Several folks have emailed me (and my own brother took me to task) regarding my article Pythagoras and the White Sox on The Hardball Times and asked why I didn’t include a measure of how well the Pythagorean method predicted a team’s final number of wins given the games that they had already won. In other words, use the Pythagorean method to predict the number of games a team will win in the remainder of the season and then add that to the number they had already won. That result could then be compared with the other methods. After all, a team already has those wins in the bank and so they are in economic terms a “sunk cost”. Quite frankly, I missed this entirely but it makes perfect sense. So I did in fact do the calculations and here they are:
Pyth Actual Pyth + Actual
Avg G AvgE StdDev AvgE StdDev AvgE StdDev
10-Apr 5 18.2 11.9 25.5 18.0 18.2 12.0
15-Apr 9 15.8 14.5 17.8 14.6 15.5 14.5
30-Apr 22 11.5 9.3 12.9 7.1 11.2 9.0
30-May 49 8.0 5.6 7.3 5.6 7.5 5.0
30-Jun 76 6.7 5.0 6.5 4.8 6.3 4.5
30-Jul 102 5.1 3.3 3.8 3.0 4.0 2.7
30-Aug 130 3.6 3.0 2.3 1.8 2.2 1.8
5-Oct 162 3.1 2.8 0.0 0.0 0.0 0.0
This table now includes the Pyth + Actual columns that show how well the Pythagorean method does when incorporating the current number of wins. As you can see the average error and standard deviation are a bit lower than using the actual winning percentage through April and then the average error basically tracks with the actuals all the way through the end of August while the standard deviation remains a bit lower. I was a bit surprised that even as late as August 30th the Pythagorean + Actual method was slightly more accurate (2.3 to 2.2 in average error). As a result, I wouldn’t be hesitant to use it at any point in the season.
I must also here admit to an error in the original article. The fourth table I showed that included the correlation coefficients for the Pythagorean wining percentage and the actual winning percentage computed against the final winning percentage was in error. Here is the corrected table along with a third column for the Pyth + Actual.

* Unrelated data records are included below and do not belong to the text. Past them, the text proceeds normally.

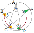 (1) 一つの弧に対する円周角は等しい.(2) 三角形の内角の和は180°になる. |
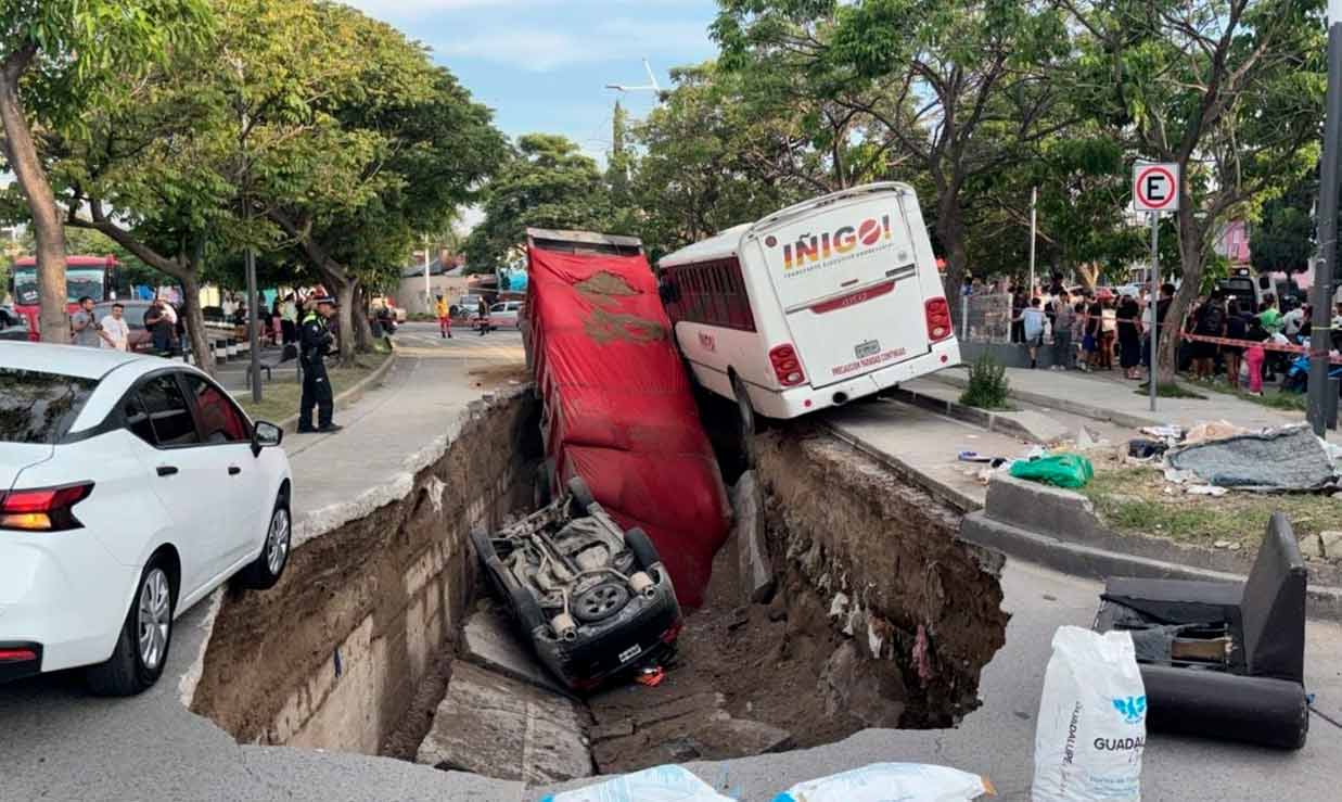 La magnitud del socavón fue tal que al menos tres unidades se vieron involucradas en el colapso del pavimento: un camión de carga que transportaba arena y que se precipitó al fondo del hoyo, un automóvil particular y un camión de transporte de personal con el logotipo de “Íñigo Transporte Empresarial”. A unos centímetros del borde quedó un auto blanco, con una de sus llantas suspendida en el aire, lo que subraya el riesgo extremo de la situación.
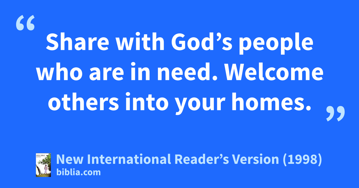 12When you hope, be joyful. When you suffer, be patient. When you pray, be faithful. 13Share with God’s people who are in need. Welcome others into your homes.
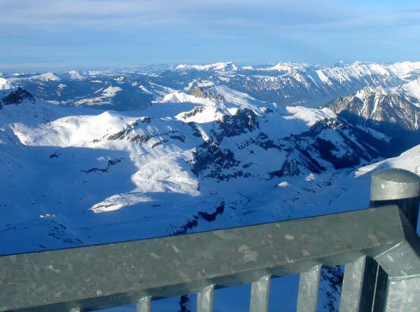 瑞士因特拉肯市正南處的阿爾卑斯山群之中,在少女峰旁,主峰海拔2970米,因為擁有阿爾卑斯山最長的空中索道及險峻雪坡而著名,而游客們更是因為這里是007系列影片《女王的秘密使命》《鐵金剛勇破雪山堡》中詹姆斯·邦德驚心動魄的打斗場面的拍攝外景地而慕名而來。再沒有比在雪朗峰海拔近三千米的全景觀景臺欣賞莊嚴的艾格峰、僧侶峰和少女峰更好的地點了。
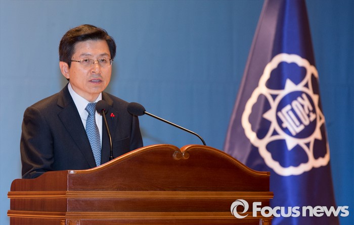 (세종=포커스뉴스) 황교안 국무총리가 4일 오전 세종시 정부세종청사 대강당에서 열린 2016년 정부시무식에 참석해 신년사를 하고 있다.
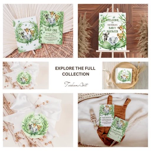 Jungle Safari Tiere Grüne Botanische Baby-Dusche Sammlung

AvgG PythW% ActualW% Pyth+ActualW%
10-Apr 5 0.414 0.270 0.411
15-Apr 9 0.300 0.347 0.306
30-Apr 22 0.530 0.649 0.559
30-May 49 0.719 0.771 0.757
30-Jun 76 0.780 0.797 0.812
30-Jul 102 0.890 0.930 0.934
30-Aug 130 0.937 0.975 0.976
5-Oct 162 0.951 1.000 1.000
Of course, this clears up my surprise in the original article that the PythW% correlations were so strong (all around .8 or higher). As might be expected the actual winning percentage does a better all the way through of predicting a teams relative rankings and hence number of wins. However, using the combination of Pythagorean winning percentage and actual wins does a better job through mid June until the end of the season. That conclusion validates the results of the previous table and means that using the Pyth+Actual method is a valid way of predicting season outcomes at anytime.